Your computer finally has an AI that can use it.

README.md

Hearth

The local AI that actually runs your computer.

It talks. It listens. It opens your apps, reads and writes your files, drives a real browser you can watch, and remembers you, all on your own machine.
No account. No cloud required. No telemetry.

MIT License Python 3.11+ Windows Local-first v0.7-preview

Website Download the installer Docs Support on Ko-fi

The framework is Hearth. The assistant it ships with is named JARVIS, rename it to anything. The resident, and the house.

Hearth creating a folder, writing a file, and opening it in Notepad from a single request


Why Hearth exists

The smartest AI in the world lives in someone else's cloud. It's brilliant, and it can't touch your computer, it forgets you the moment the tab closes, and the meter never stops.

So you ran a model locally. Now what? Most "local AI" projects are one of three things:

  1. A chat UI around a model (LibreChat, Open WebUI, big-AGI). Beautiful, but it's just chat. It can't open your files or do anything on your machine.
  2. A coding agent (Aider, Cline, Continue, Open Interpreter).
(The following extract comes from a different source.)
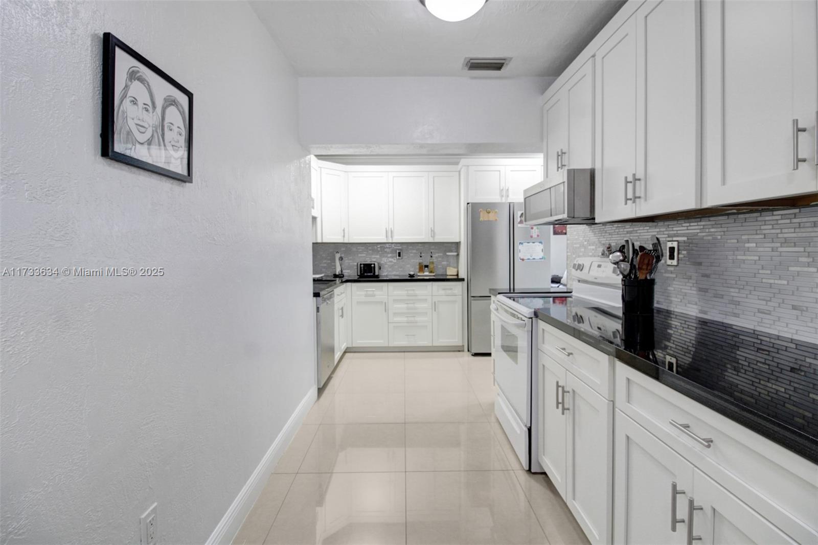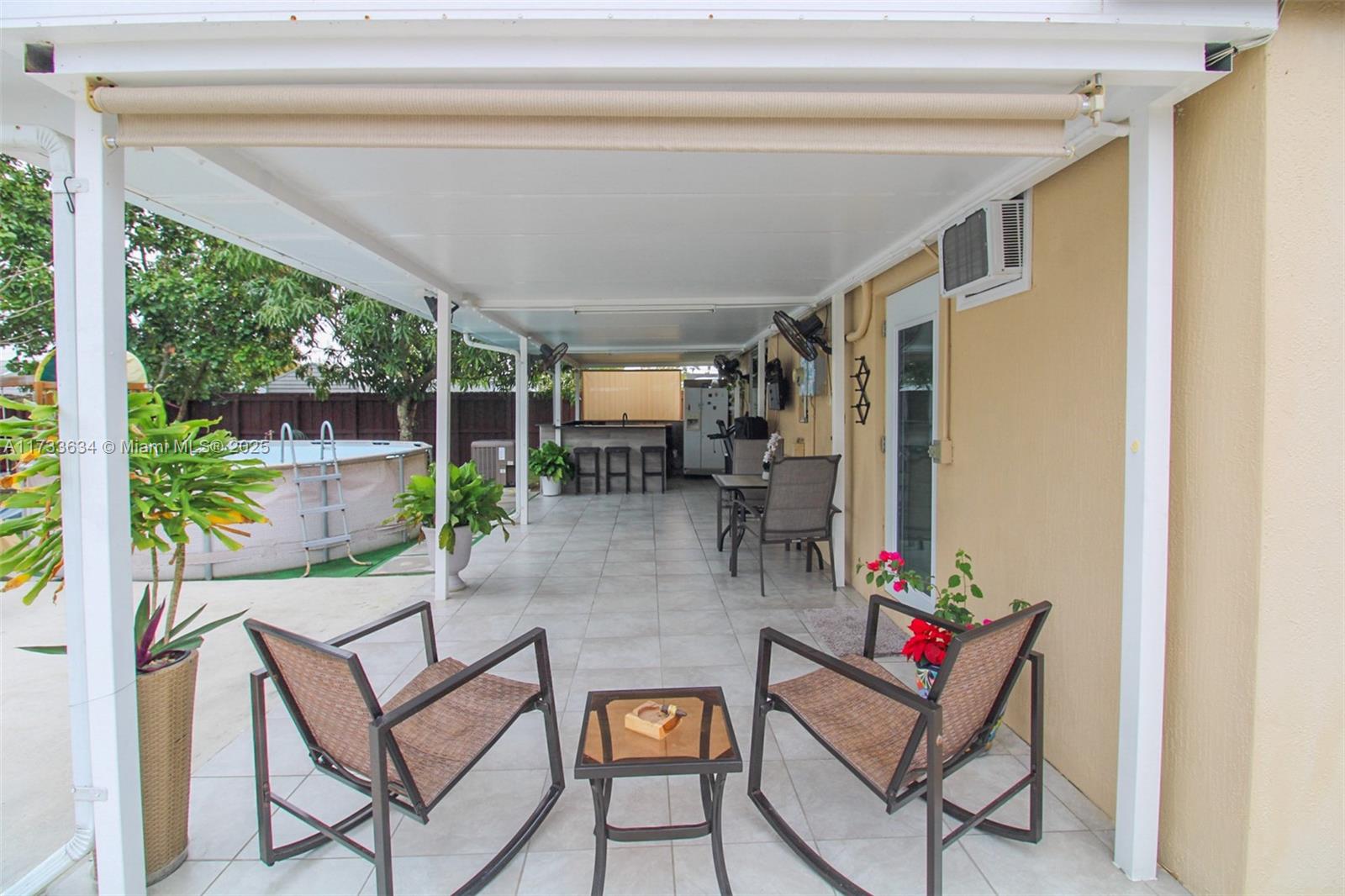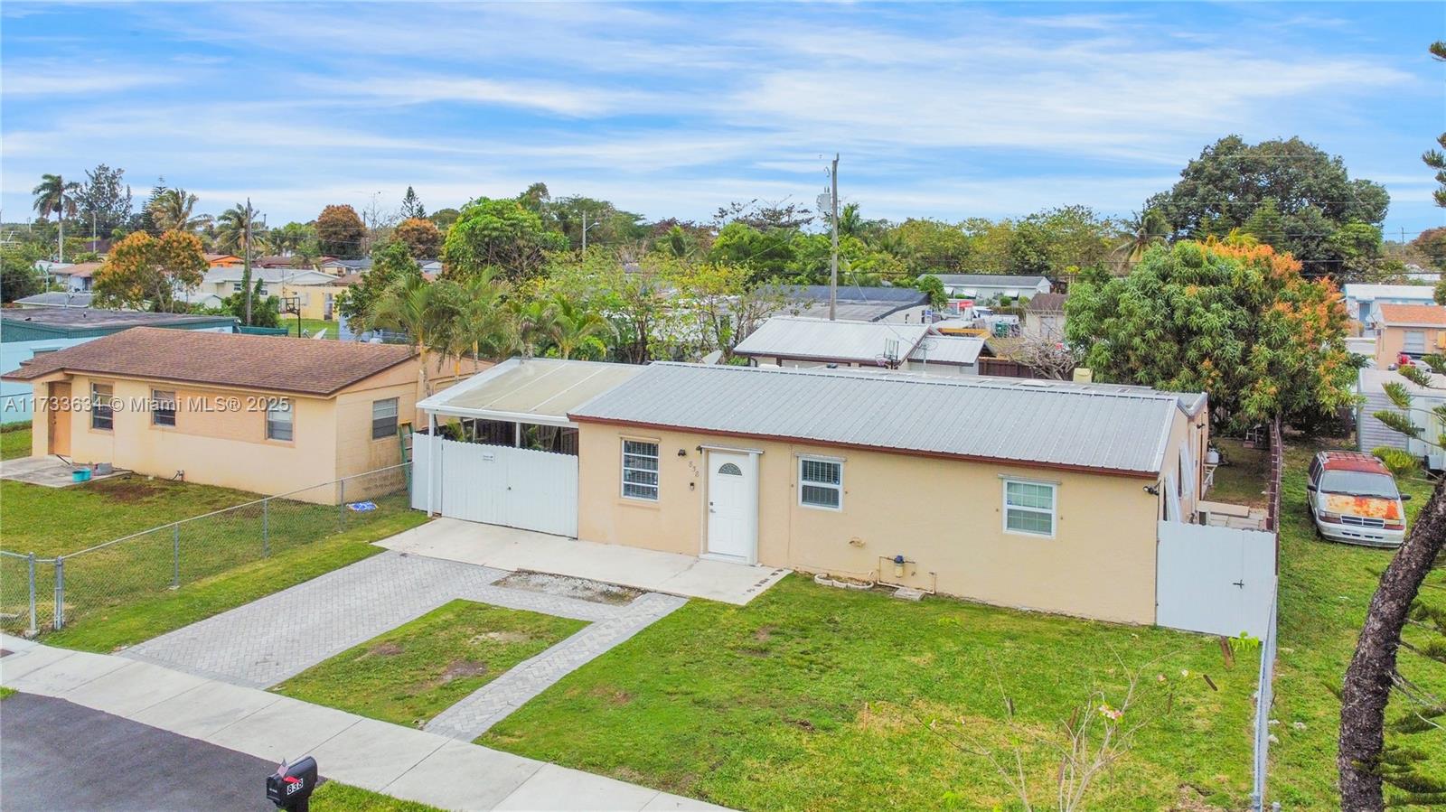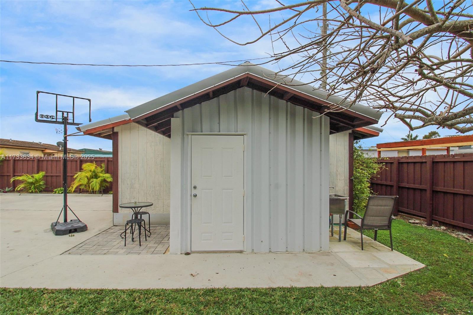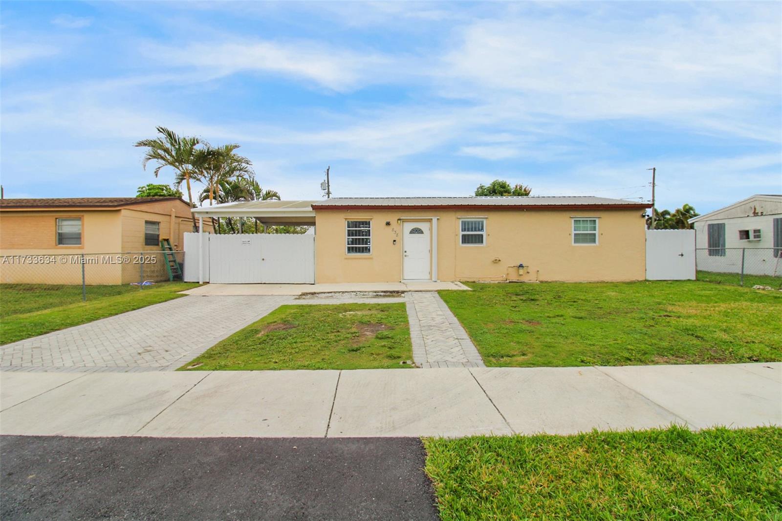 This charming property offers a unique blend of living and income potential. Total of 3 bed. 2.5 Bath. The split plans is designed with 2 bedrooms and 1 bathroom towards front of home & the 3rd room has outmost privacy to be used as studio apartment with its own private entrance, complete with private bathroom and walk in shower. Ideal space for guests or extended family. generating rental income. Relax and entertain under the covered patio featuring a built-in summer kitchen, ideal for outdoor gatherings. There's convenient side entry covered parking for your RV or boat . The property also includes a detached garage with half bathroom and laundry room.

Powerful, but scoped to "write code in this folder," not "be the AI on my PC."
  3. A cloud-locked assistant (ChatGPT, Claude, Gemini). Great, until they change the rules, deprecate your model, or you go offline.

Hearth is the fourth thing. A local-first operator that runs on the model you already have, controls your actual Windows PC, files, shell, apps, browser, the desktop itself (clicks and types), screenshots, voice, talks back, listens, and remembers you across sessions. Nothing ever leaves your machine except a web search, and only when you ask.
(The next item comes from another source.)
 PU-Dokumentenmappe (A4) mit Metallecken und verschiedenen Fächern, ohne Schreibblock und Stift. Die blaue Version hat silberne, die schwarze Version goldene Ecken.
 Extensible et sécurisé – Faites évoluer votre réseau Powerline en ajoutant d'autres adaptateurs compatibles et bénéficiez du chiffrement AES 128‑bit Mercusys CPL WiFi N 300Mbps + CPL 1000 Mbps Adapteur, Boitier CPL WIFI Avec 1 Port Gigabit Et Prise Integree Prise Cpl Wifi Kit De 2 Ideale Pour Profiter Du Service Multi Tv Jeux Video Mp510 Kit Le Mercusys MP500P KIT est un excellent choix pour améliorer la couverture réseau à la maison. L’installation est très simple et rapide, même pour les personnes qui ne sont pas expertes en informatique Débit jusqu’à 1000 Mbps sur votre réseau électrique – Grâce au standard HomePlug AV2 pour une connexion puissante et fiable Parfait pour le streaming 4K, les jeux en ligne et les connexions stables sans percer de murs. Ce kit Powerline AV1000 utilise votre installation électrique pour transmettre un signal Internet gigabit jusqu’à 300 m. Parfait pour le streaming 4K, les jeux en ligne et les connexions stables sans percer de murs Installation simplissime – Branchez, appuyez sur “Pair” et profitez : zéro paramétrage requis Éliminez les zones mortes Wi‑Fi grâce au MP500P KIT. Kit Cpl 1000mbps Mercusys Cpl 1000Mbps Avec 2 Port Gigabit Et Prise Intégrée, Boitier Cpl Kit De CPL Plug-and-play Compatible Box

And it keeps growing: skills are shareable. A skill is a folder that teaches Hearth a workflow ("clean up my Downloads", "turn this folder of photos into a contact sheet"). Installing one someone else wrote is a single line, /skill install someone/their-repo, and writing your own is one command.

Reach it however you work: a terminal CLI, a desktop/web app, a headless bridge, or an MCP server.
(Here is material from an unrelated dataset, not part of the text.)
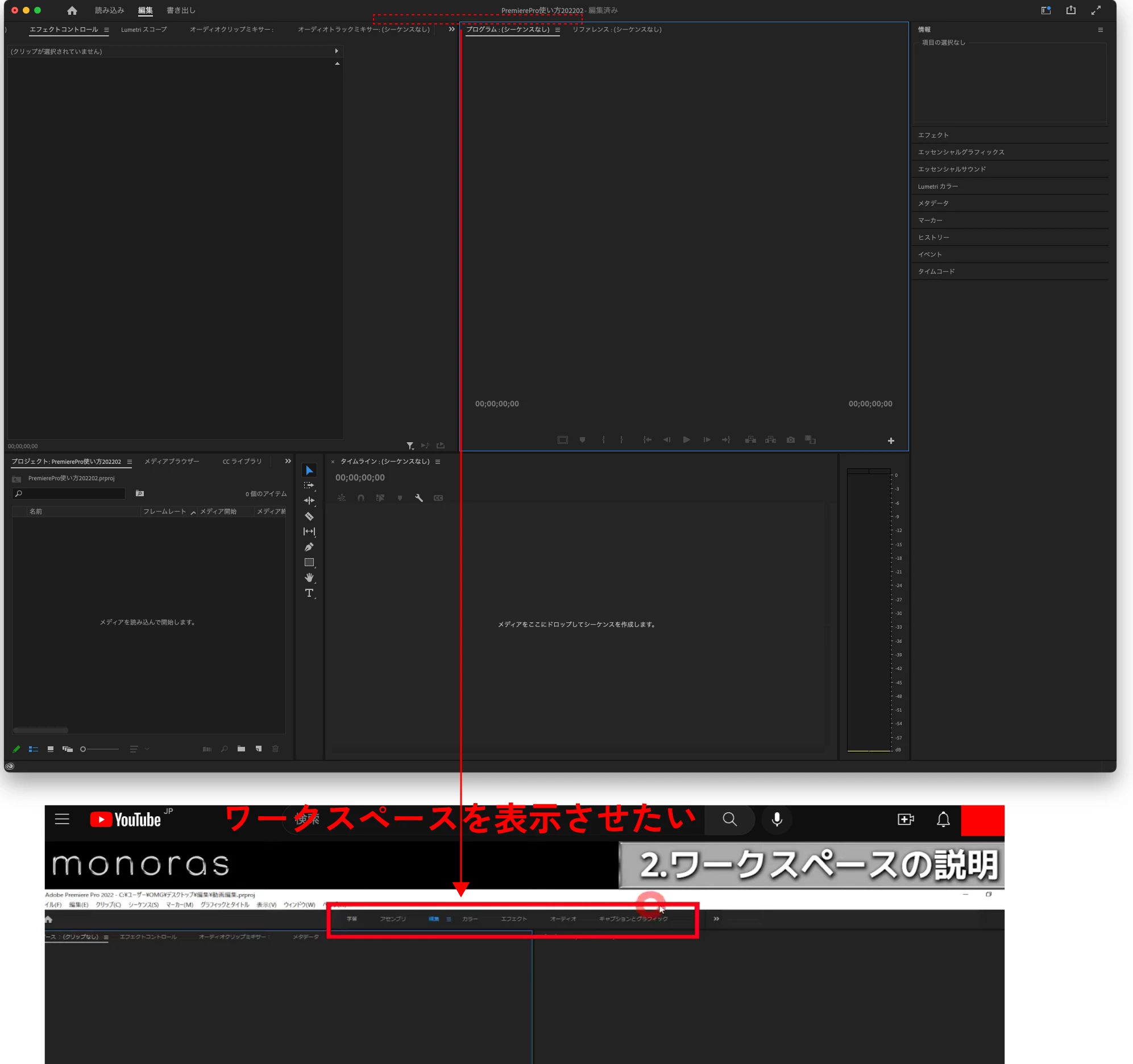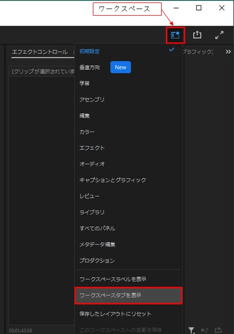 ①右上部の右から3番目の「ワークスペース」アイコンをクリックし、開いたメニューから「ワークスペースタブを表示」を選択します。
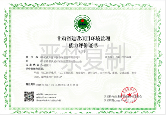 持有的資質(zhì)證書---我公司取得《甘肅省清潔生產(chǎn)審核咨詢機(jī)構(gòu)服務(wù)能力評(píng)價(jià)證書》甲級(jí),(證書編號(hào):GHQJSC-2019-006號(hào))、《甘肅省建設(shè)項(xiàng)目環(huán)境監(jiān)理能力評(píng)價(jià)證書》甲級(jí)(GHJ-2019-004號(hào))、《甘肅省環(huán)境污染治理工程服務(wù)能力評(píng)價(jià)證書》甲級(jí)(證書編號(hào)GHGC-2020-021)。

v0.7-preview, the CLI and desktop app are the daily drivers. Voice and the bundled llama.cpp server work but are preview-quality (see notes below). Windows is the supported platform; macOS/Linux run from source with most tools working.

Where it's headed, grounded computer-use (it watches the screen, points, and acts), a guided "walk me through this" mode, and Mac/Linux, is in the Roadmap.


See it work

Disposable facts get archived, what matters builds a wall of memory
Hearth's memory browser
Built-in model manager, no LM Studio needed
Downloading and running a model directly inside Hearth
Skills, reminders, your workspace
Skills, reminders, and workspace tour

Install

Download the installer (easiest, Windows)

Grab the latest release, no Python, no git, no setup. Two editions:

  • Hearth Full (~1 GB) bundles a GPU model server (CUDA llama.cpp). It downloads and runs models for you, so there is nothing else to install.
  • Hearth Lite (~500 MB) skips the bundled server, for when you already run LM Studio, Ollama, or another OpenAI-compatible endpoint.

Both install to your user folder, no admin needed. Started on Lite and want the built-in server later? Run the Full installer over it, your settings, memory, and chats stay exactly where they are.

Install from source (Windows, macOS, Linux)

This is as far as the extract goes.